Last January, when 55 centimeters of snow blanketed Toronto in just 15 hours, the city’s snow removal fleet seemed to be struggling to keep up. But was it really different from other storms, or did it just seem so?
For three students from the Faculty of Applied Science and Engineering at the University of Toronto who were taking “Data Science for Engineers”, a graduate course taught by Sebastien Goodfellowassistant professor in the department of civil and mineral engineering, it was the perfect case study to test their new skills in numerical calculation.
“There was a lot of media coverage at the time saying the city had responded poorly,” says Katia Ossetchkina, a master’s candidate. “We wanted to see if there was a way to analyze the movement and distribution of snowplows and salt trucks across the city.”
Real-time data on the locations of Toronto’s more than 800 snow plows and salt trucks is publicly available during the winter months. There’s even a website that tracks this data on a map. But the team – which also included master’s candidates Thomas deBoer and Lucas Herzog – soon realized they needed more.
“There is no historical storage,” de Boer explains. “You can’t just download it as a file, so we had to create an algorithm that would ping that web server, download the data, and store it on our computer, which we could then use to create our own historical database and do our analysis from that.
By the time the team set up their technique, it was too late to collect data on the January storm. But by analyzing data from subsequent storms — and gleaning statistics about previous ones in the city and local news reports — researchers were able to verify that the city’s response was improving as winter progressed.
“We learned that Toronto had increased the number of snow plows on the road in February compared to January, and crews were faster in meeting certain benchmarks, such as the percentage of roads that had been cleared of snow at some point during the storm,” says de Boer.
Herzog says the team also spotted other interesting trends.
“Of course they clear the arteries first, but we saw that they would stop clearing around 6 a.m., just before the morning commute,” Herzog says.
“And that’s where a lot of these Twitter complaints are coming from,” de Boer adds. “People were wondering how they’re supposed to get to a thoroughfare when the street in front of their entrance is blocked by two feet of snow.”
Stimulated by these kinds of observations, the team decided to take the project a step further by applying their data analysis to Twitter messages.
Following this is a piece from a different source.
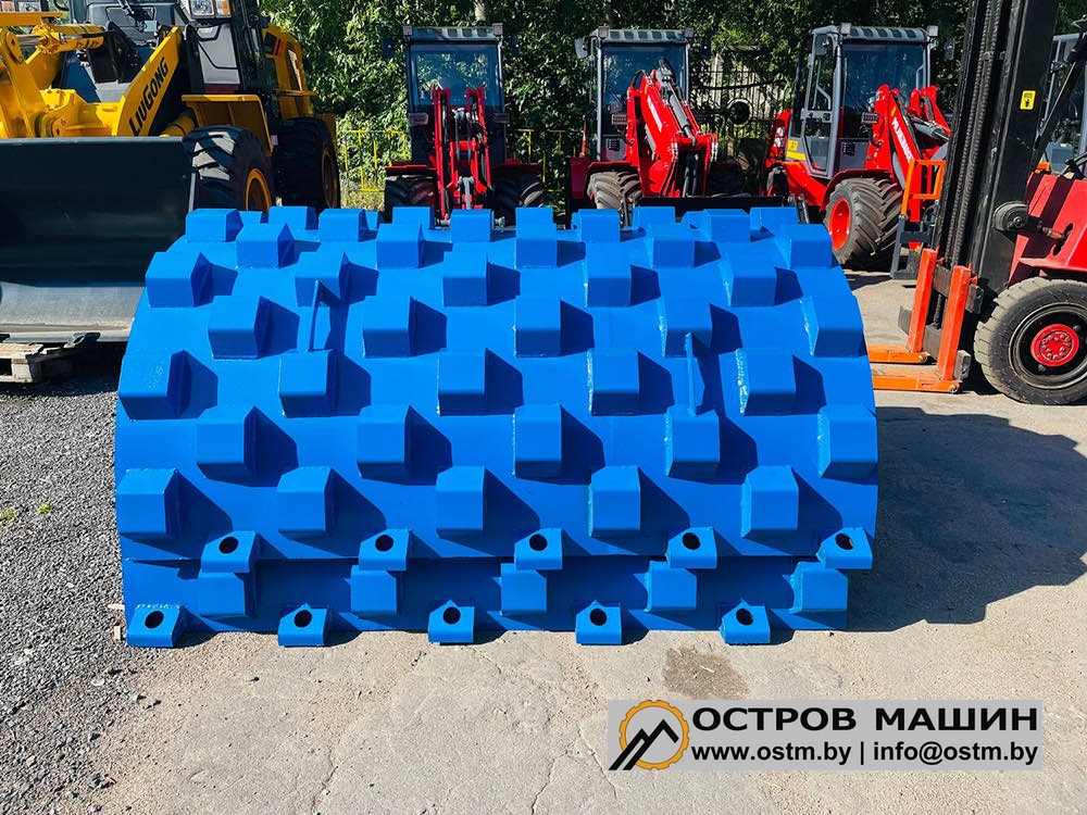 Двухсекционный, фиксируемый на зажимах бандаж легко и быстро превращает гладкий валец грунтового катка в кулачковый. С его помощью каток эффективно уплотняет песчаные и глинистые грунты, формируя прочный слой даже из рыхлых грунтов.

The team used Twitter’s Application Programming Interface (API) to gather feedback from those tweeting at Toronto’s 311 and the City of Toronto’s Winter Operations account. They were then able to carry out what is called a “sentiment analysis”, measuring whether the words used in the tweets were positive or negative.
This allowed the team to compare the public’s response to the January storm to one that occurred in February.
“We saw a lot of negative tweets in January with people complaining about not having service yet, and that also came with a lot of geographic information, so we could see the hardest hit areas,” Ossetchkina says.
“Then we saw this reverse trend in February where people were saying ‘thank you’ and saying the city was doing a good job in specific regions. That was a very interesting performance metric.
The team says this kind of data analysis could help other engineers on future projects. They made their historical database publicly available and even wrote detailed instructions so other teams could replicate their approach.
Goodfellow says he was very impressed with the students’ work.
“What I love about this project is that it’s very unique,” he says. “This is a new dataset that the students made public and can now be used by other engineers to investigate new questions or to hone their data science skills.
“Even better than that, it was a dataset of the city we all live in that provided a special motivation for students to really push beyond.”